Они прошли мимо ларька, где продавали джинсы «Lee» и «Wrangler» — поддельные, конечно, но при взгляде издалека не отличишь. Продавец — молодой парень в спортивном костюме «Adidas» и золотой цепочке — орал в самодельный рупор: «Спешите! Отгрузка из Турции! Оригинал! Качество! Налетай!». Рядом с ним стояла девушка — крашеная блондинка с огромными серьгами-кольцами — и примеряла куртку, вертелась перед маленьким зеркалом, приклеенным к столбу.
Фокс увидел, как из кармана куртки, висящей на вешалке, выпал кошелёк. Упал в грязь. Никто не заметил. Шпунтик дёрнул носом:
— Не трогай. Чужое — не наше. За чужое бьют.
— А если владелец не найдёт?
— Всё равно не трогай. На рынке свои законы. Чужое — значит, ничьё, пока кто-то не присвоил. Присвоишь ты — присвоят и с тебя.
Фокс не понял логики, но спорить не стал. Шпунтик знал лучше.
Они свернули в мясной ряд. Здесь было шумно и кроваво. Торговцы рубили туши прямо на прилавках, мухи вились над мясом, собаки крутились под ногами, выпрашивая обрезки. Запах свежей крови, смешанный с запахом уксуса (которым отбивали запах несвежего мяса), ударил в нос, и Фокса чуть не вырвало. Шпунтик, напротив, оживился, принюхался, даже присел на задние лапы, как охотничья собака, почуявшая дичь.

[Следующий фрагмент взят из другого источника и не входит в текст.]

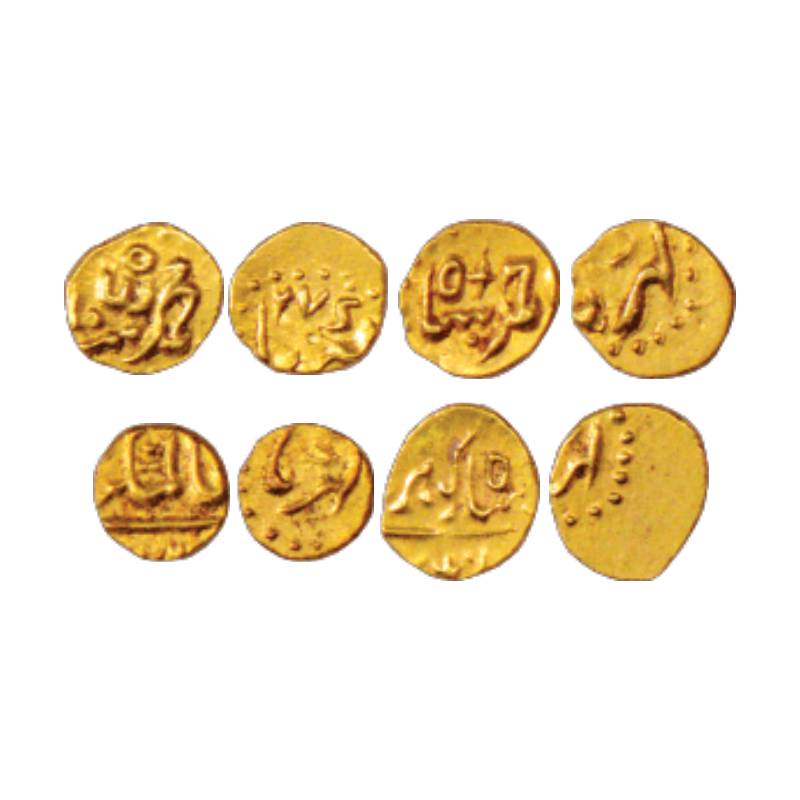 A group of 4 Gold ½ Fanams from Karpa Mint, weighing 0.16g each, 1x Muhammad Shah, 1x Ahmad Shah Bahadur, 1x Alamgir II and 1x Shah Alam II (Shah Gauhar).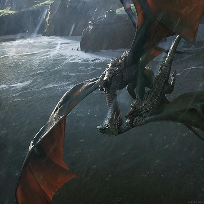 他们是血色天空中两个巨大的黑影,龙焰如此明亮,以至下方观望的渔民害怕云层也会起火燃烧。……科拉克休死死咬住瓦格哈尔的脖子,它的黑牙深陷进老龙的血肉;瓦格哈尔的爪子则扯开了“血虫”的肚皮,牙齿撕裂其一边翅膀。但科拉克休越咬越紧、越咬越深,它们以惊人的速度坠落。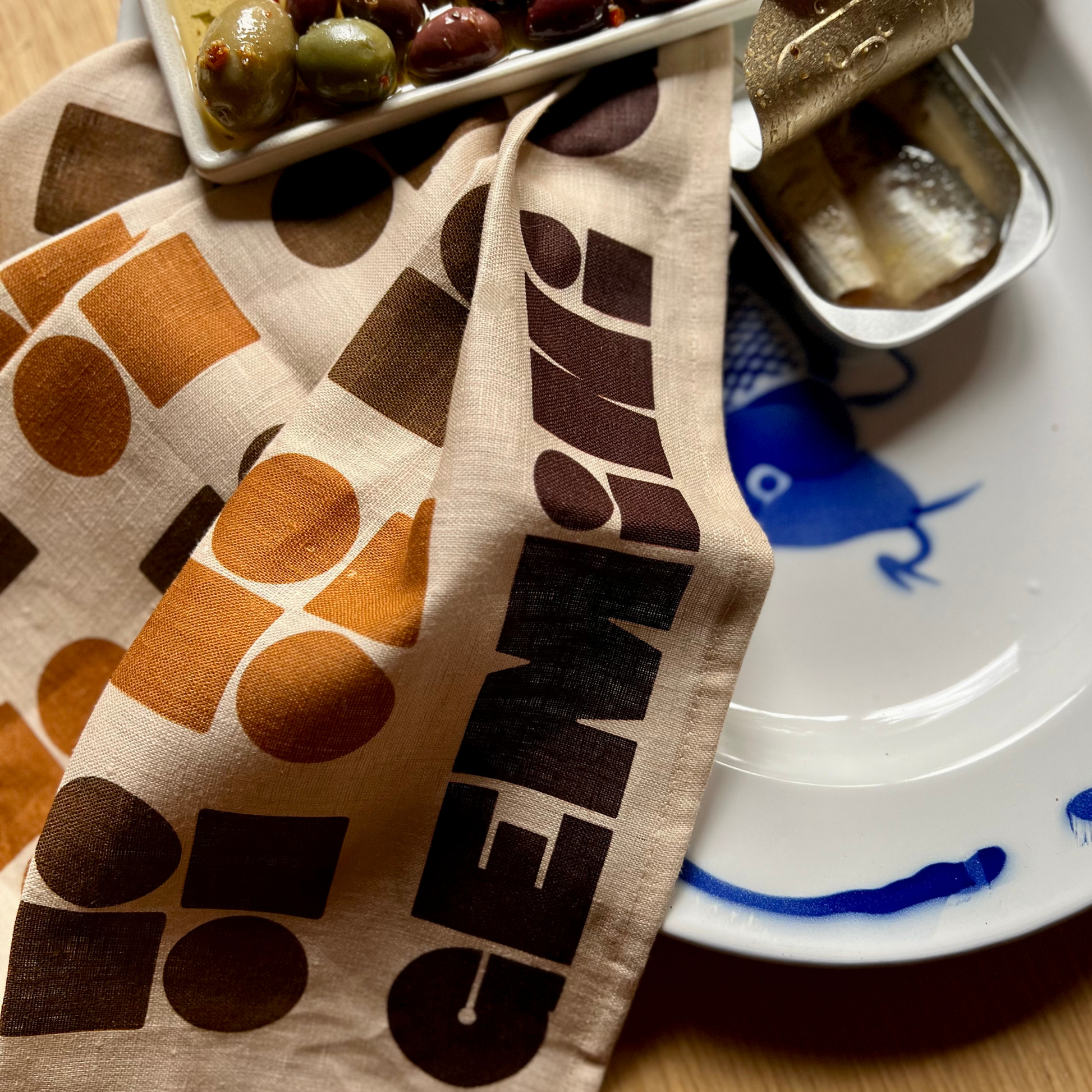 For life's messy and delicious moments! Our signature Gemini colours and retro pattern have been printed onto this 100% linen tea towel. Fling it over your shoulder or hang it on your oven to feel the Gemini spirit in your home.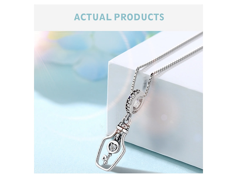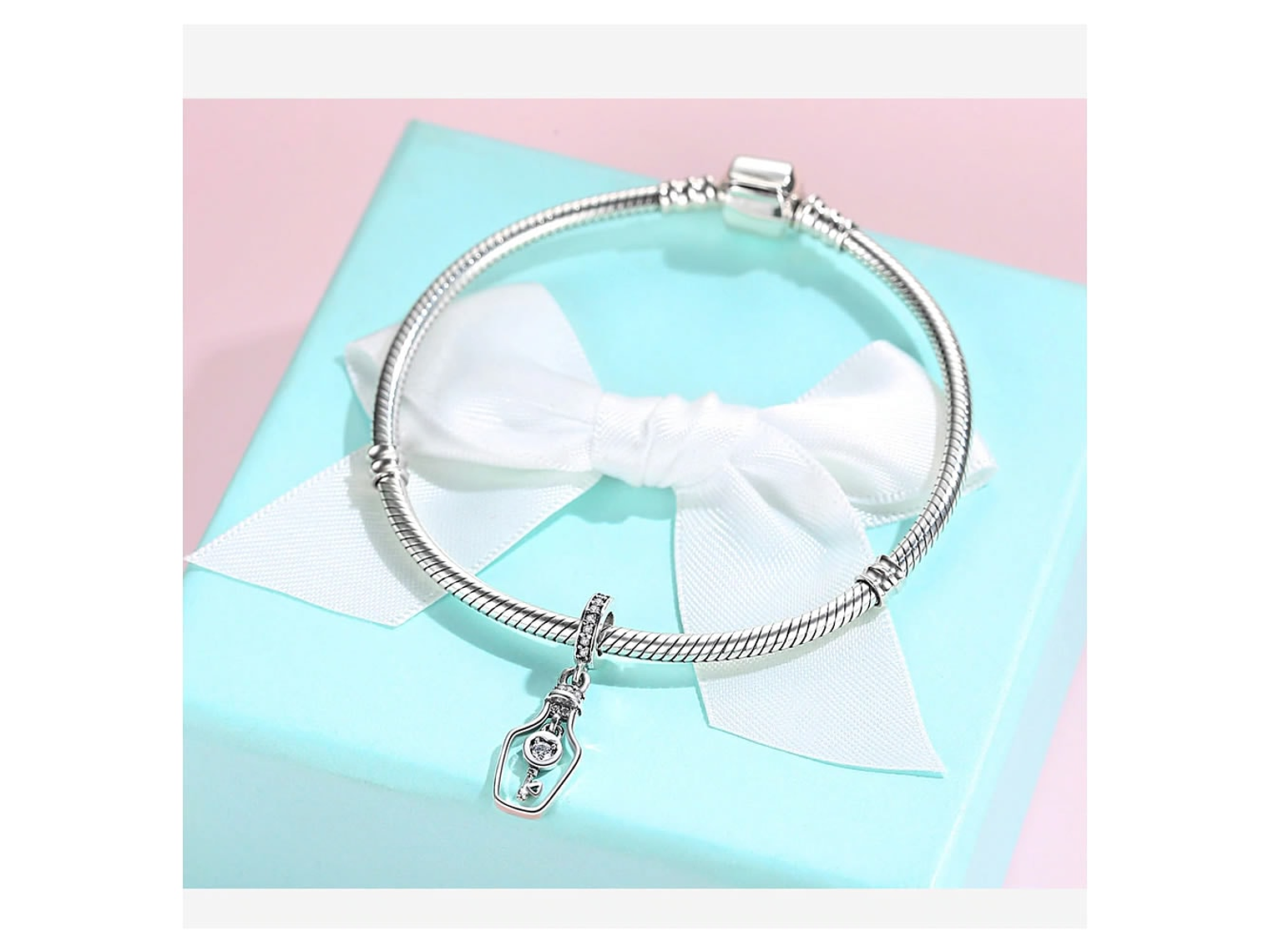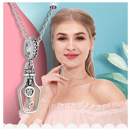 Hermoso Charm con forma de botella con llave interior, con hermosos circones de calidad AAA, fabricado en plata ley 925, excelente calidad y finas terminaciones, incluimos de regalo elegante cajita de terciopelo totalmente gratis con su compra.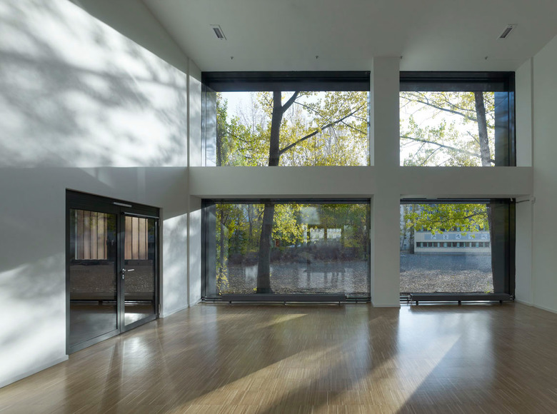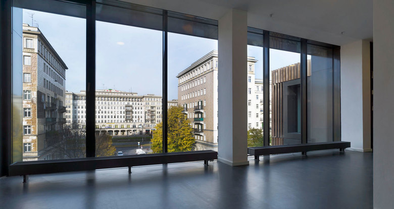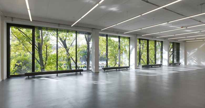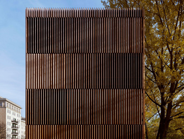 Im Innern offenbart sich ein spannungsvolles Wechselspiel aus Öffnungen mit und ohne Lamellenvorhang. Indem die Lamellen einen Teil des Blicks nach Außen verstellen, erzeugen sie eine kontemplative Atmosphäre. Gleichzeitig lässt sich durch den gerichteten Blick die Welt bisweilen neu entdecken. Im Kontrast zum gefilterten Blick stehen dann an bewusst gewählten Orten, der freie und großzügige Blick auf die Frankfurter Allee oder den weiten Hof mit seinen üppigen Platanen. Unterschiedliche Lamellenstellungen lassen das Licht in abwechselnder Intensität einfallen. Bei nächtlicher Innenbeleuchtung wirkt der scheinbar schwere Monolith an vielen Stellen transluzent, leicht und fragil.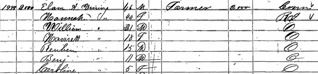 | Reuben D. Vining | ? | 15 | married and living in separate household | ||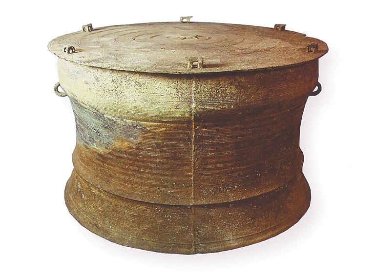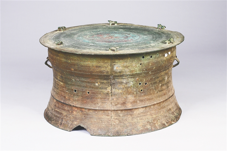 从现有的考古资料来看,海南岛并未发现早期的冶铜遗址,那么这些器形硕大、保存较好的铜鼓由何而来呢?《后汉书·马援传》记载:“援好骑,善别名马,于交阯(亦称交趾)得骆越铜鼓”,说的是伏波将军马援曾在越南得到过骆越族群的铜鼓。《后汉书·光武帝纪》载有东汉初年交趾反叛,光武帝刘秀曾遣伏波将军马援率军进军岭南平乱。另外海南出土过不少军用炊具铜釜,有些学者以此为依据,认为这些铜鼓和铜釜是当年马援军中用器或马援在交趾缴获之物。

— Вот здесь наша еда, — сказал он. — Вечером, когда рынок закрывается, мясники выбрасывают обрезки. Не самые лучшие, но сытные. Если придёшь вовремя и успеешь раньше крыс.
— Крысы здесь есть?
— Шутишь? Крысы здесь — хозяева. Больше, чем люди. И умнее. С ними не связывайся. Крыса — это не мышь. Крыса собьёт с ног кота, если кот глупый. А ты, рыжий, глупый. Поэтому держись от них подальше.

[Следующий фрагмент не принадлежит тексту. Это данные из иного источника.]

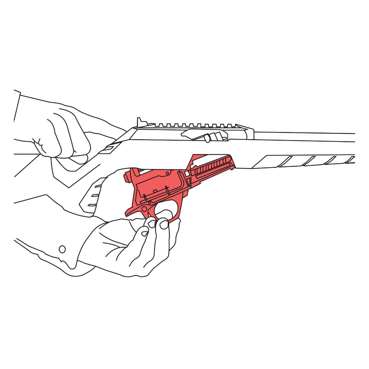 Der untere Teil des Gehäuses, zusammen mit dem Schloss und dem Abzugszüngel, kann leicht vom oberen Teil abgenommen werden, indem man mit dem Finger auf einen Knopf hinten am Gehäuse drückt. Es werden keine Werkzeuge benötigt! Der manuelle Sicherungsknopf ist leicht umschaltbar, so dass er von jedem Schützen, ob Rechts- oder Linkshänder, einfach zu bedienen ist.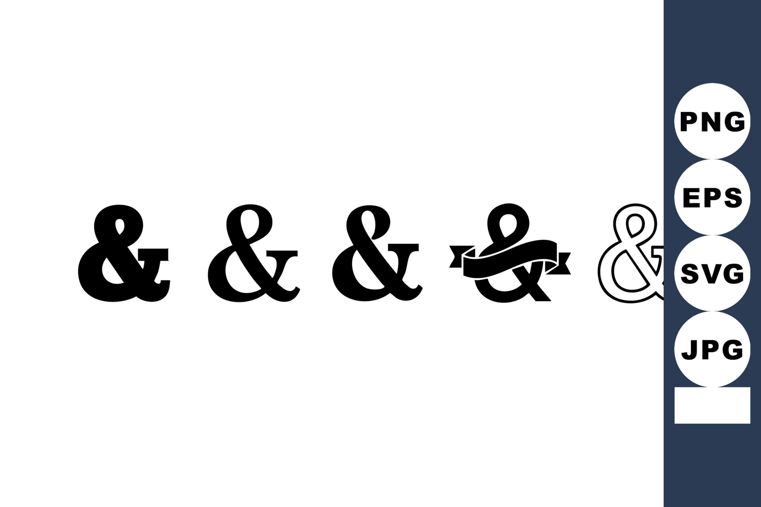 This vector shows five ampersand symbols in various font styles, black and white, suitable for typography or graphic design, simple mood.

Фокс обиженно дёрнул хвостом, но промолчал.
---
И тут он увидел ЕЁ.
Она сидела на перевёрнутом ящике у ларька с косметикой, курила и считала мятые купюры. На ней была спортивная куртка оливкового цвета, джинсы, кроссовки «Reebok» — не новые, замызганные. Волосы собраны в хвост, лицо без макияжа, под глазами — синяки. Очки висели на цепочке на груди.
Это была та самая женщина. Рыжая. В чёрных очках. Только без очков и без блеска.
Фокс замер.
— Твоя? — спросил Шпунтик, проследив за его взглядом.

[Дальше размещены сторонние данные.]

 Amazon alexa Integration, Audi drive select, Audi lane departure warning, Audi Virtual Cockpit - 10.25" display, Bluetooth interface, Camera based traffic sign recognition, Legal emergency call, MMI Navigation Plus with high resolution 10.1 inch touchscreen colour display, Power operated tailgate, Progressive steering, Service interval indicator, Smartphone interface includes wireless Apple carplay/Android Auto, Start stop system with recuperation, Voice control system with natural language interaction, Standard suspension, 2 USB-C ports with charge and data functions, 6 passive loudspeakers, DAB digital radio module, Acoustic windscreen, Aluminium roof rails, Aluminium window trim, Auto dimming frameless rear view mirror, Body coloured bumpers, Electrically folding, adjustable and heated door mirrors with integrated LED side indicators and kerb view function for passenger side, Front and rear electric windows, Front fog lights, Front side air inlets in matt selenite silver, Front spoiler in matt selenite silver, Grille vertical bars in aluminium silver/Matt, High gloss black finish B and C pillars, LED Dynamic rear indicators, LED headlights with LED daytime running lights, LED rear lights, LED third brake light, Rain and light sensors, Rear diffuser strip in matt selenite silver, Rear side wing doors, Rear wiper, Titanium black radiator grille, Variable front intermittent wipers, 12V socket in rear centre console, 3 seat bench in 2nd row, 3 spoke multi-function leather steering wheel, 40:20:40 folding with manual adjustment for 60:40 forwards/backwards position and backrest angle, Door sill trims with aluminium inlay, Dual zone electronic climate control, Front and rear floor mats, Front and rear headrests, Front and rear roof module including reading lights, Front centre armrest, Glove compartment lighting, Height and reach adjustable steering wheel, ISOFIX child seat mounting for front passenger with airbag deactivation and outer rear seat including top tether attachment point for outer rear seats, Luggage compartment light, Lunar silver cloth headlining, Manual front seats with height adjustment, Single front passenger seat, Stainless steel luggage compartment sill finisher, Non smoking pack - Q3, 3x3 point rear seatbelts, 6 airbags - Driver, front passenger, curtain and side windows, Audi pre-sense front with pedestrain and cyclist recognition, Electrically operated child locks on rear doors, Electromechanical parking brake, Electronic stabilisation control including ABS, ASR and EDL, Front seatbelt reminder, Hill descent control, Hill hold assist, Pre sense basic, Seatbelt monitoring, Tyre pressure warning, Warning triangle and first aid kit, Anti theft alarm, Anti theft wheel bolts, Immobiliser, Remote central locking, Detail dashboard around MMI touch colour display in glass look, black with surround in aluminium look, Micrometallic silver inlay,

— Моя, — ответил Фокс и сам удивился слову. Она не была его. Но он не знал, как сказать иначе.
— Челночница, — констатировал Шпунтик. — Таких здесь много. Привозят товар из-за границы, торгуют, спят по три часа в сутки, кормят детей, платят кредиты. Красивые издалека. Вблизи — одно уставшее лицо. Но держатся. Молодцы. Я таких уважаю.
— Она не просто челночница, — сказал Фокс. — Она... другая.
— Все они другие, пока не узнаешь. А узнаешь — все одинаковые. Люди как люди. Одни бьют, другие кормят. Твоя — из каких?
Фокс не знал. Он спрыгнул со спины Шпунтика, осторожно, чтобы не наступить в лужу, и сделал несколько шагов в её сторону. Она не заметила. Она считала деньги — быстро, шевеля губами, перебирая купюры: десять, пятьдесят, сто. Рубли. Мятые, грязные, с потёртыми углами.
Подошла покупательница — женщина лет сорока, в дублёнке, с кожаной сумкой. Протянула помаду.
— Сколько?
— Пятнадцать тысяч.
— Дорого.
— Берите, последняя. Из Турции. Оригинал.
Женщина помялась, но взяла. Рыжая — Фокс мысленно назвал её Викой, хотя не знал имени — сунула деньги в карман куртки, улыбнулась. Улыбка была дежурной, профессиональной, не касалась глаз.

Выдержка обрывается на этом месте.